Another study with important triterpenes was published in this Issue by da Silva Júnior et al. [14], developing inclusion complexes of α, β amyrin, a natural mixture of pentacyclic triterpenes with cyclodextrin, by two different methods. Physicochemical characterization indicated the formation of inclusion complexes with cyclodextrin which were shown to be an effective and promising alternative to enhance the anti-inflammatory activity and safety of this triterpene.

Bioactive diterpenes were also described in this Special Issue: a review and an anti-tumor study with cembranoids from tobacco [15,16], and glucoside derivative rebaudioside C, a sweetener [17].

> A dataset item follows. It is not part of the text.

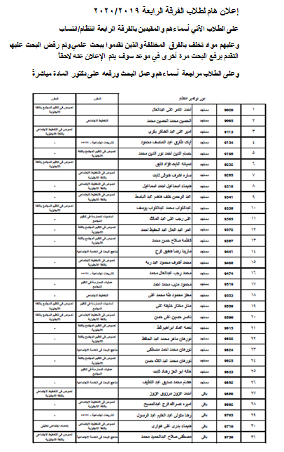 إعلان هام لطلاب الفـــرقة الرابعة 2019/2020 Read more about إعلان هام لطلاب الفـــرقة الرابعة 2019/2020 إعلان هام لطلاب الفـــرقة الرابعة 2019/2020 20 سبتمبر 2020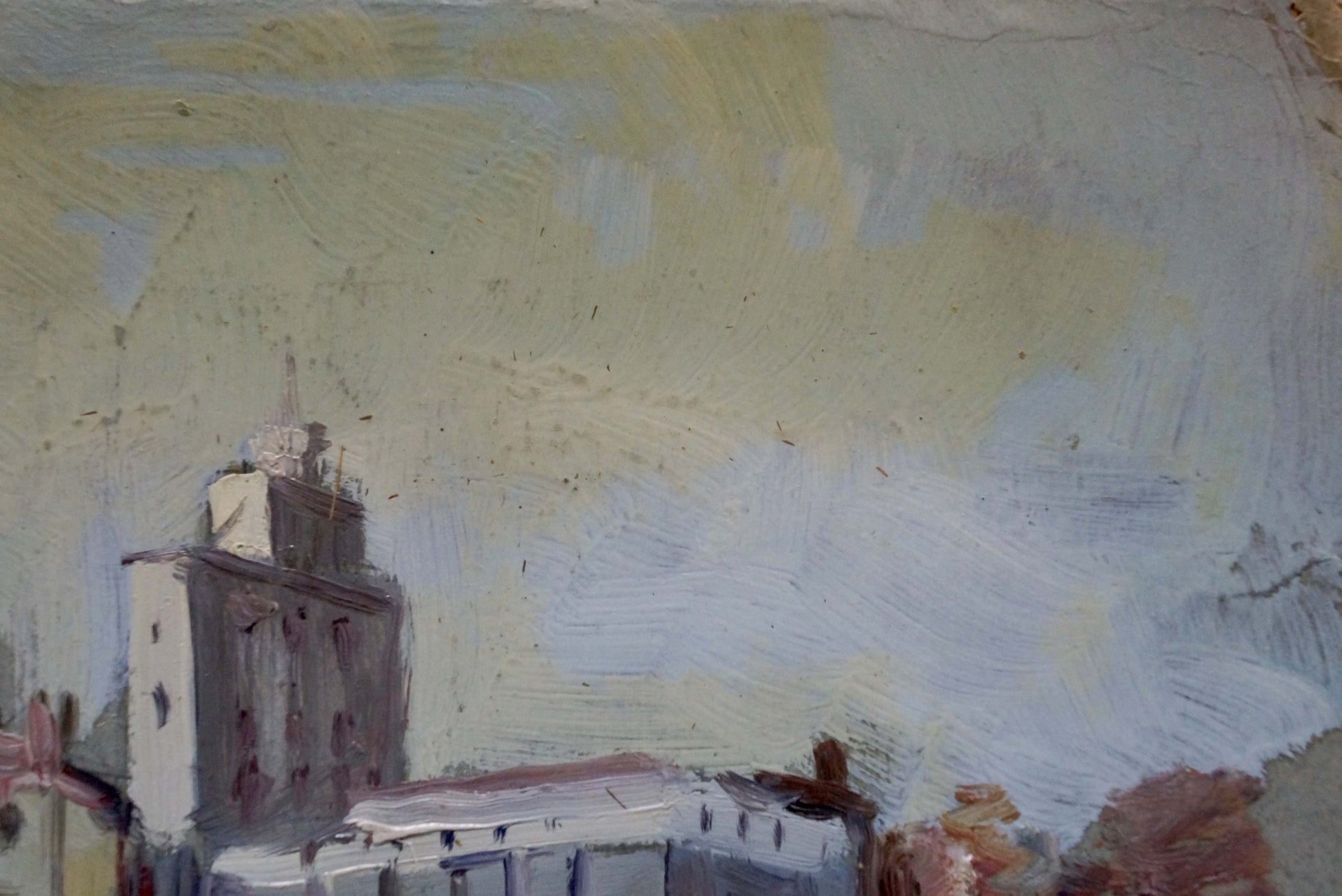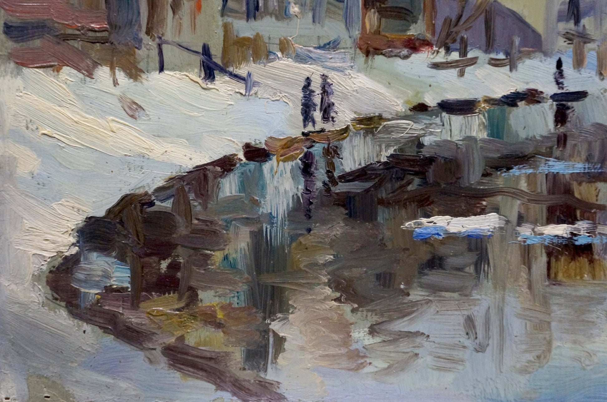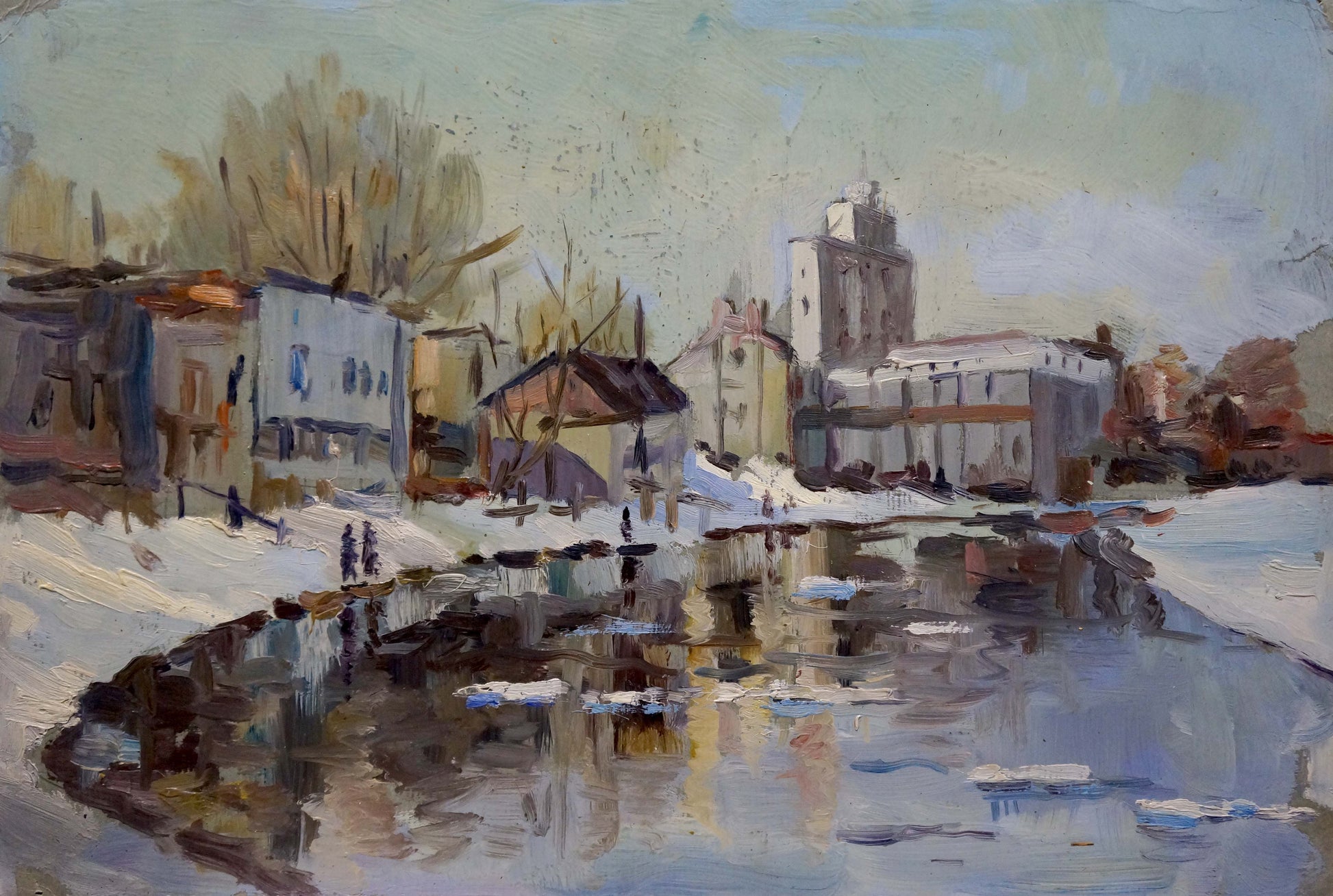 Oil painting Snowy city by the river Unknown artist

The cembranoids present an unusual 14-member macrocyclic diterpenic backbone, with three symmetrically distributed methyl groups and one isopropyl; they usually present a symmetry plane. Very common in tobacco leaves, but also found in Pinus and soft corals, they present several biological activities, highlighting the neuroprotective action blocking the functions of nicotinic acetylcholine receptors, with singular cellular signal transduction pathways and anti-tumoral properties. These activities were reviewed in one paper from this Special Issue [15], while another paper [16] described the isolation of cembranoids from tobacco leaves and the evaluation against hepatoma cell lines, observing that some of them can alter cell morphology and membrane permeability before inducing apoptosis.

This wide biological property profile that turns terpenes into one of the most important classes of natural products is demonstrated in another paper published in this Special Issue. “Enzymatic Synthesis and Characterization of a Novel α-1→6-Glucosyl Rebaudioside C Derivative Sweetener” [17] brings forward this unusual sweetener characteristic from diterpenes, which are so important in food sciences in times of epidemic metabolic syndrome. In this paper, the authors present some enzymatic transformations on rebaudioside C, the third most prevalent steviol glycoside in Stevia rebaudiana leaves, to increase its applications in food and beverage products with improved sweetness, reduced bitterness and enhanced solubility in water.